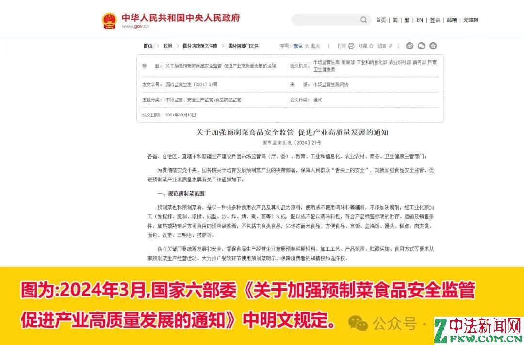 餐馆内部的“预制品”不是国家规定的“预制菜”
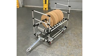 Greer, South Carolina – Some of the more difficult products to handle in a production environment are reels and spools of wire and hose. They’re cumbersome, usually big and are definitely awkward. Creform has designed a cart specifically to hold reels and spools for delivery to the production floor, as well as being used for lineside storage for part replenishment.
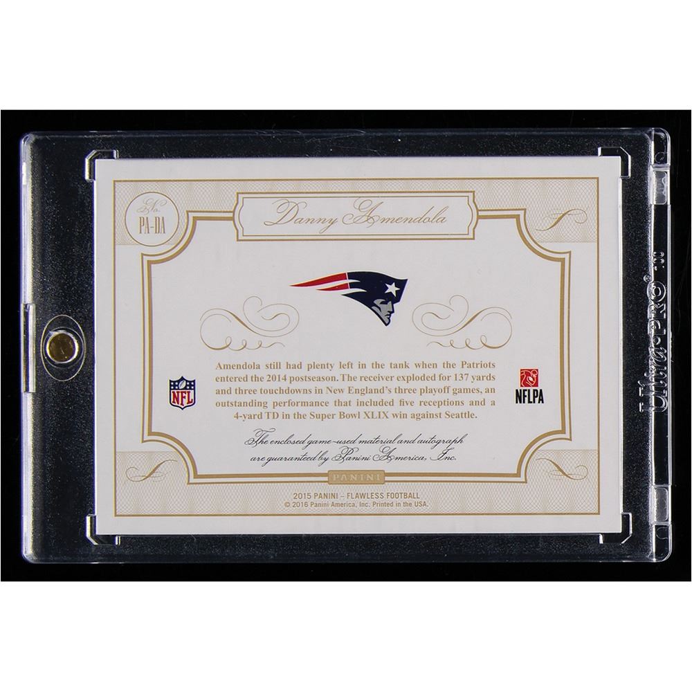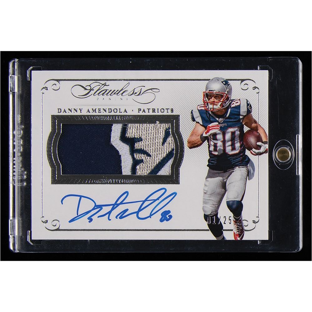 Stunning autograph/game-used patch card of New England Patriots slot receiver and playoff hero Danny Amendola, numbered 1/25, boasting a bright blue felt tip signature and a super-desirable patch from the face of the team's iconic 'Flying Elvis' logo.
...
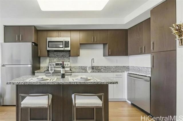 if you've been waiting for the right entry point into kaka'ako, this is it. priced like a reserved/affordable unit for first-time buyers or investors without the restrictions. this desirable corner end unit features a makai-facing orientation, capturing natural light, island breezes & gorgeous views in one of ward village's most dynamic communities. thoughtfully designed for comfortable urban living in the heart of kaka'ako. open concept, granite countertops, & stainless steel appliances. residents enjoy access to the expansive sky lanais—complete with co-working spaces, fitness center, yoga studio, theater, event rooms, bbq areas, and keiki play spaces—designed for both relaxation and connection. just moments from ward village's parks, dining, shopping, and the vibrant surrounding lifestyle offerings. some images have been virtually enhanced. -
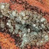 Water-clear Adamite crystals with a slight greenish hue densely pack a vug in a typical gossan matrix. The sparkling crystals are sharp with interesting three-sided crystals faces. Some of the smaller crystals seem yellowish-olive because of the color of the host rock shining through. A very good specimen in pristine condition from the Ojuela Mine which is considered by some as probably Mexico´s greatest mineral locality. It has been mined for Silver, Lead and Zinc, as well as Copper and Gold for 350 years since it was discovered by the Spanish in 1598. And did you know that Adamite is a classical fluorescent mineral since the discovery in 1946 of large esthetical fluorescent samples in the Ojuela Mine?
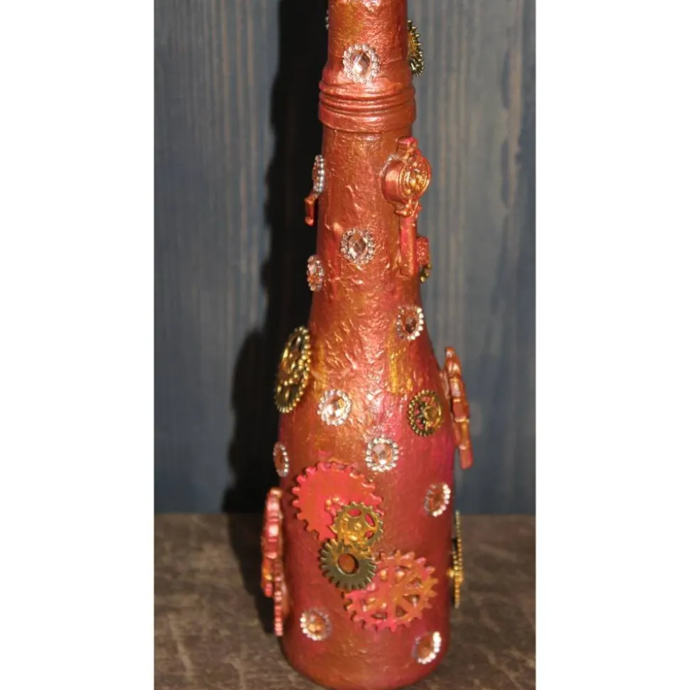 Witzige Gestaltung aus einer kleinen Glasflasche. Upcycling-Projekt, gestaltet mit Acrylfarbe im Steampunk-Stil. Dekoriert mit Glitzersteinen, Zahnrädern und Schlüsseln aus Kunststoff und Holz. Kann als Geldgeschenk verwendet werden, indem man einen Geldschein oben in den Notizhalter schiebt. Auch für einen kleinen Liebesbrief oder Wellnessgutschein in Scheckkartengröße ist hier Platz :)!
---
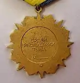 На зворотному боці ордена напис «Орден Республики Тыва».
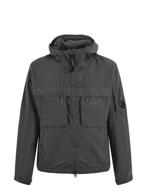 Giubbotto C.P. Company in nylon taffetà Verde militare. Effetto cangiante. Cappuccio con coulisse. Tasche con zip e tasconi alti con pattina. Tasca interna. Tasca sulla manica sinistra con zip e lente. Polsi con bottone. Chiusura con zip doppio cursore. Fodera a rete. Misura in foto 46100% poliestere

WHAT THE TASK ASKS
Between and including the line with "Water-clear Adamite crystals" and the line with "Witzige Gestaltung aus", repeat every line exactly as it appears above, with pictures left out.

SOLUTION FOR THIS PROBLEM
 Water-clear Adamite crystals with a slight greenish hue densely pack a vug in a typical gossan matrix. The sparkling crystals are sharp with interesting three-sided crystals faces. Some of the smaller crystals seem yellowish-olive because of the color of the host rock shining through. A very good specimen in pristine condition from the Ojuela Mine which is considered by some as probably Mexico´s greatest mineral locality. It has been mined for Silver, Lead and Zinc, as well as Copper and Gold for 350 years since it was discovered by the Spanish in 1598. And did you know that Adamite is a classical fluorescent mineral since the discovery in 1946 of large esthetical fluorescent samples in the Ojuela Mine?
 Witzige Gestaltung aus einer kleinen Glasflasche. Upcycling-Projekt, gestaltet mit Acrylfarbe im Steampunk-Stil. Dekoriert mit Glitzersteinen, Zahnrädern und Schlüsseln aus Kunststoff und Holz. Kann als Geldgeschenk verwendet werden, indem man einen Geldschein oben in den Notizhalter schiebt. Auch für einen kleinen Liebesbrief oder Wellnessgutschein in Scheckkartengröße ist hier Platz :)!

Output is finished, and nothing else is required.